Extracted data entries
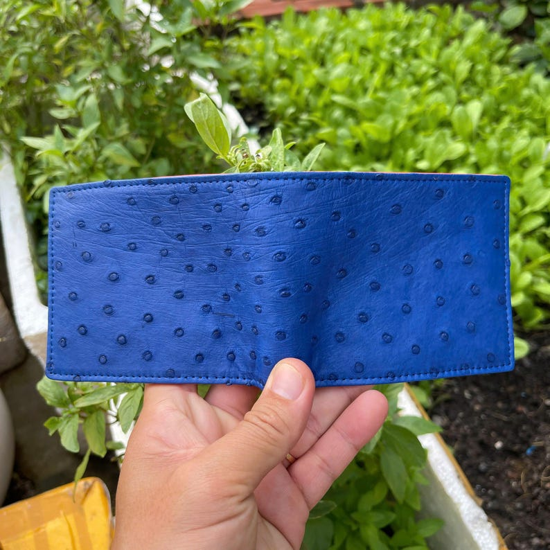 – Outside: Blue Genuine Ostrich Leather
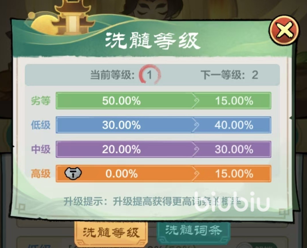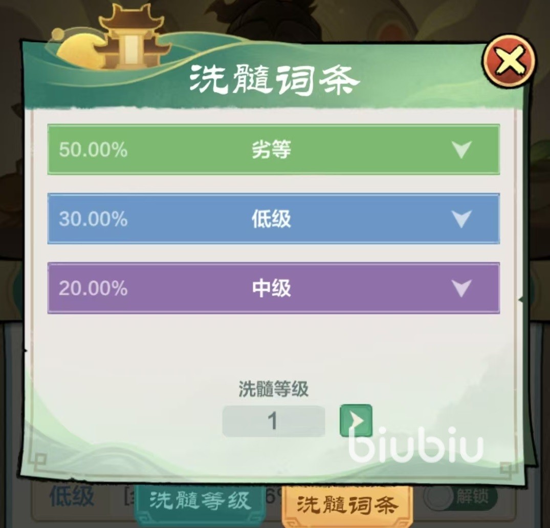 洗髓词条分为多种不同颜色,当洗髓等级1级的时候,只能出现劣等、低级和中级这三种品质的词条,洗髓等级达到2级时才会开放高级词条,等级越高,开放的词条等级也就越高。洗髓需要消耗的是药材精华,药材精华主要在大家的庄园种植中来收获,所以炼药洗髓玩法是和庄园玩法分不开的。
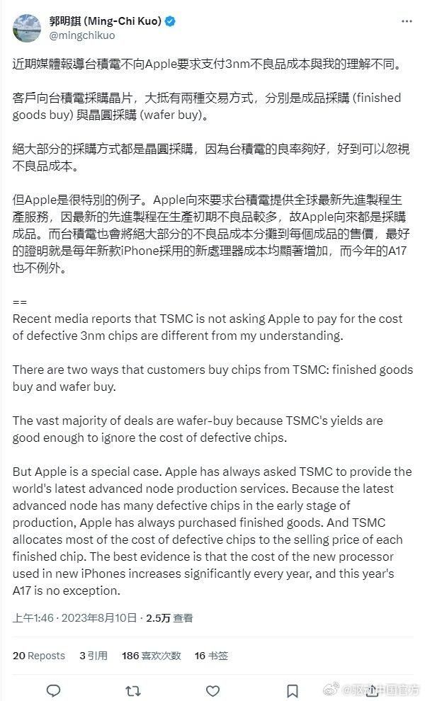 【郭明錤不认可“甜心交易”报道:#苹果按成品方式采购台积电芯片# 】
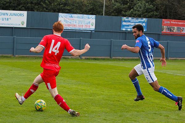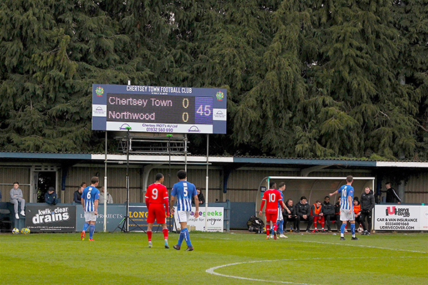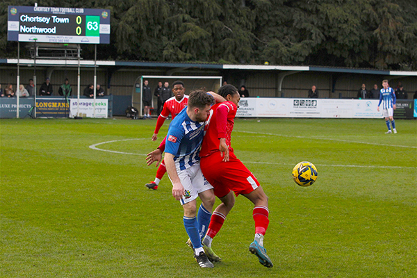 Unbeaten at home all season and with a big crowd of over 500 mainly behind them, Chertsey were quickly pushed back by a Northwood side with attacking intent. In the very first minute Laaref combined with Dan Williams to send Deago Dunbar-Bonnie into the box and his cross was blocked for an early corner.
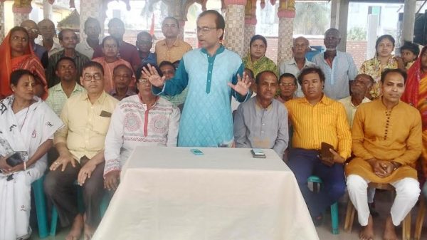 দাকোপ প্রতিনিধি : খুলনা জেলা পূজা উদ্যাপন পরিষদের নেতৃবৃন্দের সাথে নব গঠিত দাকোপ উপজেলা ও চালনা পৌরসভা পূজা উদ্যাপন পরিষদের নেতৃবৃন্দের মত বিনিময় সভা অনুষ্ঠিত হয়েছে। শনিবার বেলা ১২টায় চালনা পৌরসভার বৌমার গাছতলায় অবস্থিত উপজেলা কেন্দ্রীয় শ্রী শ্রী রাধা গোবিন্দ মন্দির প্রাঙ্গনে নব গঠিত উপজেলা পূজা উদ্যাপন পরিষদের আহবায়ক গোবিন্দ বিশ্বাসের সভাপতিত্বে ও চালনা পৌরসভা পূজা উদ্যাপন পরিষদের সদস্য সচিব লিপিকা বৈরাগীর পরিচালনায় অনুষ্ঠিত সভায় প্রধান অতিথির বক্তৃতা করেন খুলনা জেলা পূজা উদ্যাপন পরিষদের সাধারণ সম্পাদক বিমান কুমার সাহা। বিশেষ অতিথির বক্তৃতা করেন জেলা কমিটির উপদেষ্টা সনত কুমার বিশ্বাস, দিলীপ কুমার বর্মন, সহ-সভাপতি অজিত কুমার বিশ্বাস, সাংস্কৃতিক সম্পাদক আশীষ কুমার সিনহা, প্রচার সম্পাদক পলাশ কুমার মন্ডল। অন্যান্যের মধ্যে বক্তৃতা করেন পৌর কমিটির আহবায়ক চিন্ময় বিশ্বাস, উপজেলা কমিটির সদস্য সচিব প্রবীর রায় বাপ্পী, সদস্য শিশির বিশ্বাস, পরিমল রায়, দেবাশীষ ঢালী, দিপ্তী সরদার, কনিকা বৈরাগী, ছন্দা মন্ডল, সর্মিষ্ঠা সাহা, কালিপদ রায়, বিভূতি বিশ্বাস, জয়ন্তী বিশ্বাস, শিবানী সরদার, বিধান চন্দ্র ঘোষ, শিবপদ বৈরাগী, শিশির গোলদার, জীবন মন্ডল, রেবতী বিশ্বাস, ননী গোপাল বিশ্বাস, রাজেন্দ্র নাথ মন্ডল, সুকুমার বিশ্বাস, প্রশান্ত শীল, গোবিন্দ সাহা প্রমুখ। সভা শেষে নেতৃবৃন্দ বাজুয়া আর্য্য হরি সভা মন্দিরে অনুষ্ঠিত মহা নামযজ্ঞানুষ্ঠান পরিদর্শন করেন। এসময়ে তাদের সাথে উপস্থিত ছিলেন বাজুয়া ইউপি চেয়ারম্যান মানষ রায়, দাকোপ প্রেস ক্লাবের সভাপতি শামীম হোসেন, সাংবাদিক দীপক কুমার রায়, দীপক কুমার সরদারসহ আরো অনেকে।
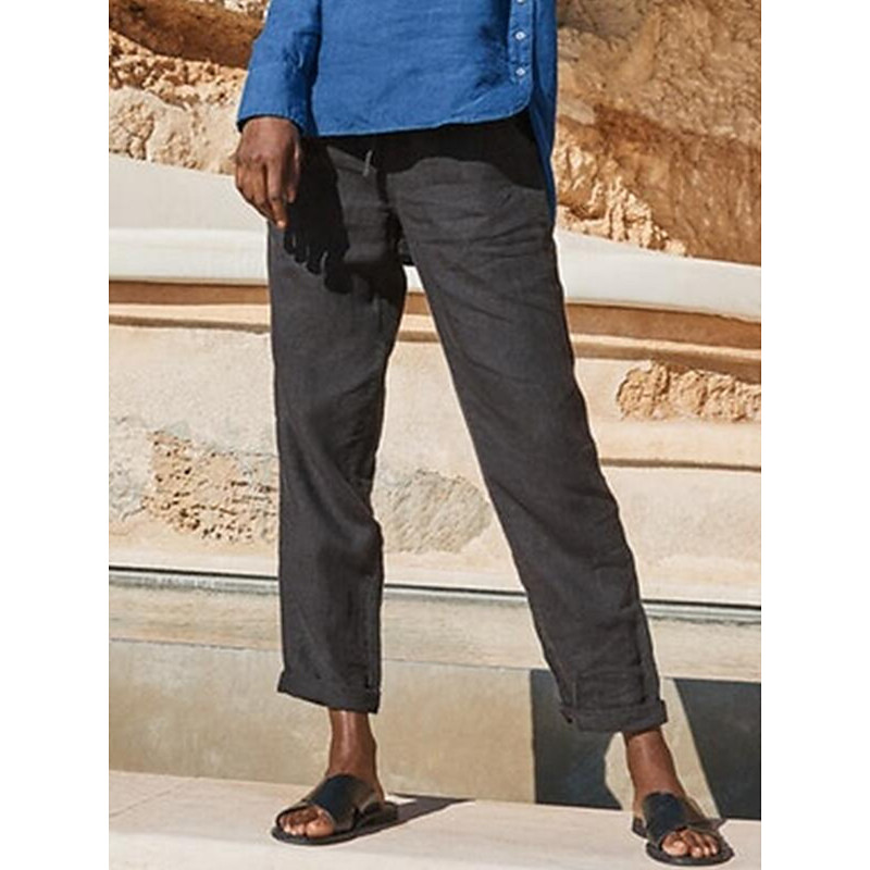 Men's Linen Pants Trousers Summer Pants Beach Pants Drawstring Embroidered Pocket Plain Comfort Breathable Vacation Daily Holiday Hawaiian Boho Black White
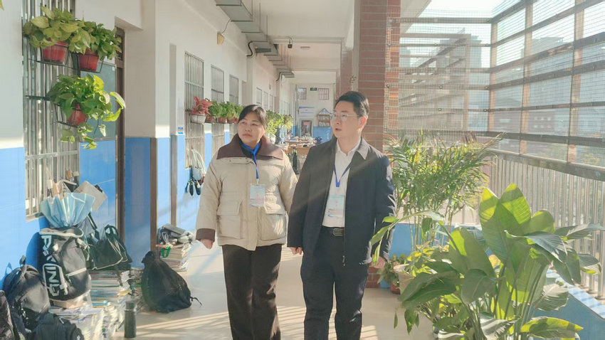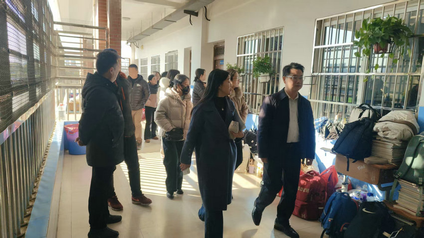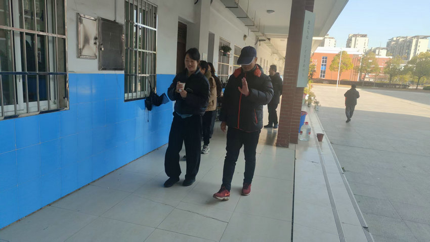 随后,在带队领导的引导下,家长巡考团从教学楼一楼出发,沿楼梯逐层上行,依次巡查各年级考场。巡考过程中,一行人轻步缓行、轻声驻足,透过教室门窗细致检视考场状况:场内考生坐姿端正、专注作答,笔尖划过试卷的 “沙沙” 声清晰可闻;监考教师坚守岗位、规范履职,时而轻声提醒考生规范填涂答题卡,时而细致核查考生信息,整场检测秩序井然。每到一层,带队领导都会向家长详细解读该楼层的考务配置细节,涵盖监考分工、应急处置流程等关键内容,让家长全面了解学校考务工作的规范化水平。“跟着领导逐层巡查,看到每间教室秩序井然、监考老师认真负责,我们心里格外踏实。” 一位家长代表一边在巡考记录单上详实记录,一边由衷感慨。
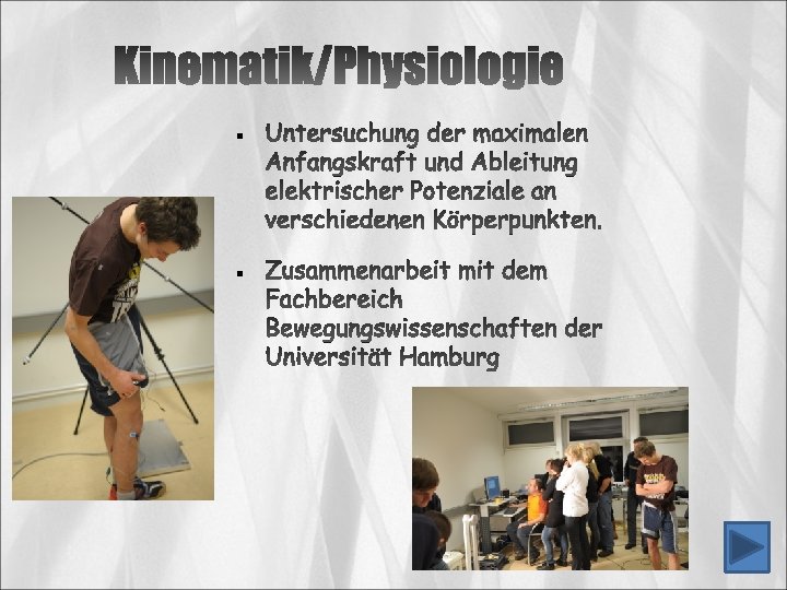 Wir untersuchen, wie Bewegungen durch das Nervensystem gesteuert werden Bewegungssteuerung ist Elektrizität. Wie funktioniert ein Nerv, wie löst er die Kontraktion eines Muskels aus? Hierzu untersuchen wir einfache Reflexe und messen später die Spannungsverhältnisse an einzelnen Muskeln bei komplizierteren Bewegungsabläufen.
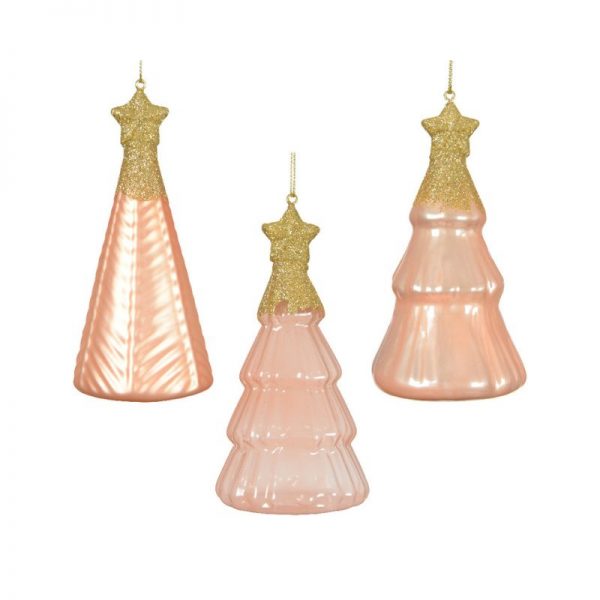 Κρεμαστό Χριστουγεννιάτικο δέντρο σομόν με χρυσό γκλίτερ σε 3 σχέδια 8 εκ. (1 τεμ.)
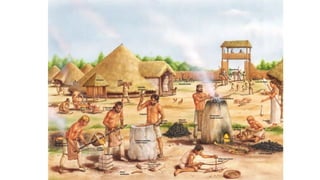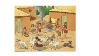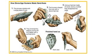 This document summarizes human prehistory from the Paleolithic era to the Metal Ages. It describes how early humans lived as nomadic hunter-gatherers during the Paleolithic era, making tools from stone, bone, and wood. During the Neolithic era, humans transitioned to a more sedentary agricultural lifestyle, domesticating plants and animals and developing pottery and weaving. Finally, the Metal Ages saw the discovery and increasing use of metals like copper, bronze and iron for tools and weapons, as well as the emergence of specialized jobs like metalworkers and traders.
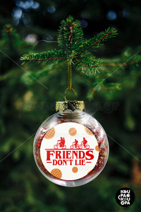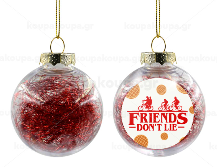 Friends Don't Lie, Stranger Things, Στολίδι Χριστουγεννιάτικη μπάλα δένδρου διάφανη με κόκκινο γέμισμα 8cm
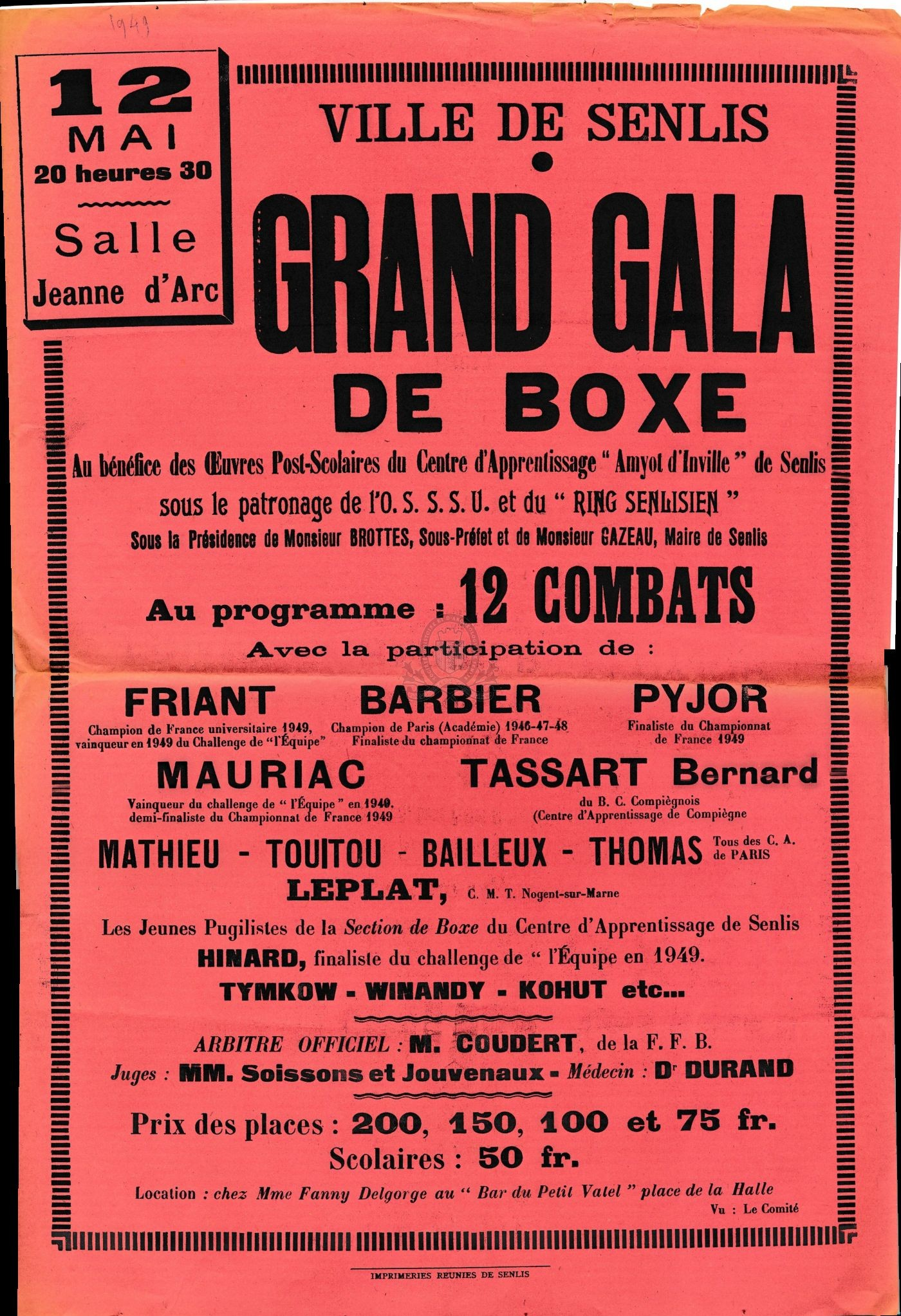 Titre : Grand gala de boxe : 12 mai [1949] salle Jeanne d'Arc Type de document : texte imprimé Auteurs et Fonctions : Ville de Senlis, Organisateur de réunion ; Centre Amyot d'Inville, Nom associé Editeur : Senlis : Imprimeries Réunies Année de publication : [s.d. (1949)] Importance : 1 affiche Format : 60 x 40 cm Accompagnement : 1 bandeau (15 x 40 cm) Note générale : Au bénéfice des oeuvres post-scolaires du Centre d'apprentissage "Amyot d'Inville" de Senlis, sous le patronage de l'O.S.S.S.U. et du Ring senlisien, sous la présidence de Monsieur Brottes, sous-préfet et de monsieur Gazeau, maire de Senlis.
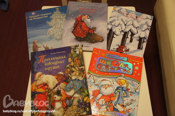 Нижние две нам пока рано, но зато про маленького Деда Мороза читаем с удовольствием, а "Подарки на Рождество" пока смотрим картинки...
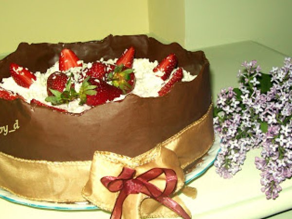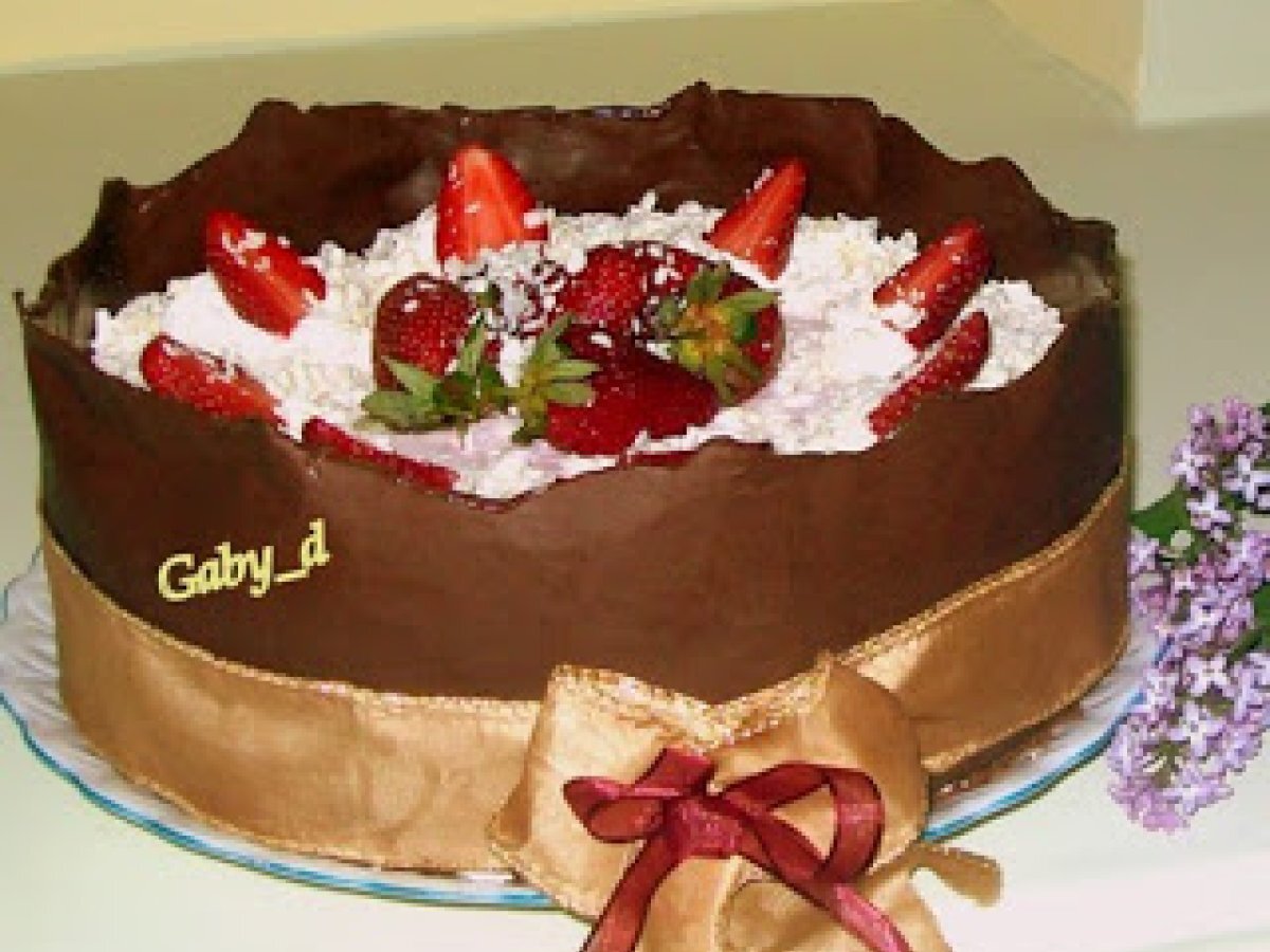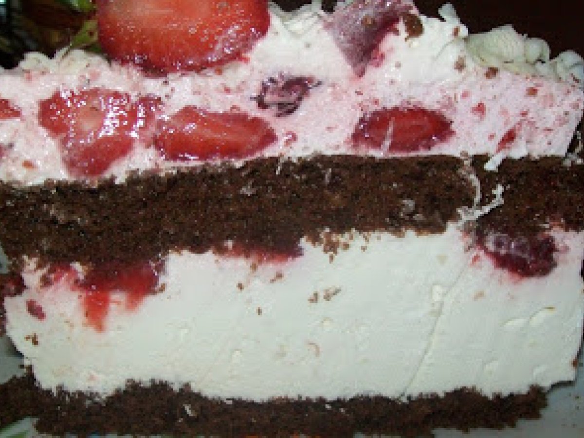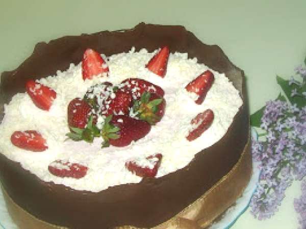 Tort aniversar cu ciocolata si capsuni PrecedentulUrmătorul DesertFoarte ușor55 min Trimite unui prieten Printează pagina Adresează o întrebare autorului Postează o poză cu rețeta gătită de tine Ingrediente 10 Pentru blat: 3 oua 100 g zahar 3 linguri cacao 65 ml apa calda 75 g.faina o lingurita praf copt un varf cutit-sare Pentru crema 1: 200 g ciocolata alba 550 ml frisca Doua plicuri gelatina 200 ml apa calduta Pentru crema2: 400 g capsuni 350 ml frisca Un plic gelatina 100 ml apa calduta Pentru décor 100 g ciocolata alba 100 g ciocolata amaruie Hartie pt copt In plus: 400 g capsuni 100 g frisca 50 g ciocolata rasa

* **WORK INSTRUCTION**:
Return the stretch of data that begins with the line showing "Friends Don't Lie, Stranger" and goes on through the line showing "Нижние две нам", exactly, with pictures removed.

* **ANSWER SECTION**:
 Friends Don't Lie, Stranger Things, Στολίδι Χριστουγεννιάτικη μπάλα δένδρου διάφανη με κόκκινο γέμισμα 8cm
 Titre : Grand gala de boxe : 12 mai [1949] salle Jeanne d'Arc Type de document : texte imprimé Auteurs et Fonctions : Ville de Senlis, Organisateur de réunion ; Centre Amyot d'Inville, Nom associé Editeur : Senlis : Imprimeries Réunies Année de publication : [s.d. (1949)] Importance : 1 affiche Format : 60 x 40 cm Accompagnement : 1 bandeau (15 x 40 cm) Note générale : Au bénéfice des oeuvres post-scolaires du Centre d'apprentissage "Amyot d'Inville" de Senlis, sous le patronage de l'O.S.S.S.U. et du Ring senlisien, sous la présidence de Monsieur Brottes, sous-préfet et de monsieur Gazeau, maire de Senlis.
 Нижние две нам пока рано, но зато про маленького Деда Мороза читаем с удовольствием, а "Подарки на Рождество" пока смотрим картинки...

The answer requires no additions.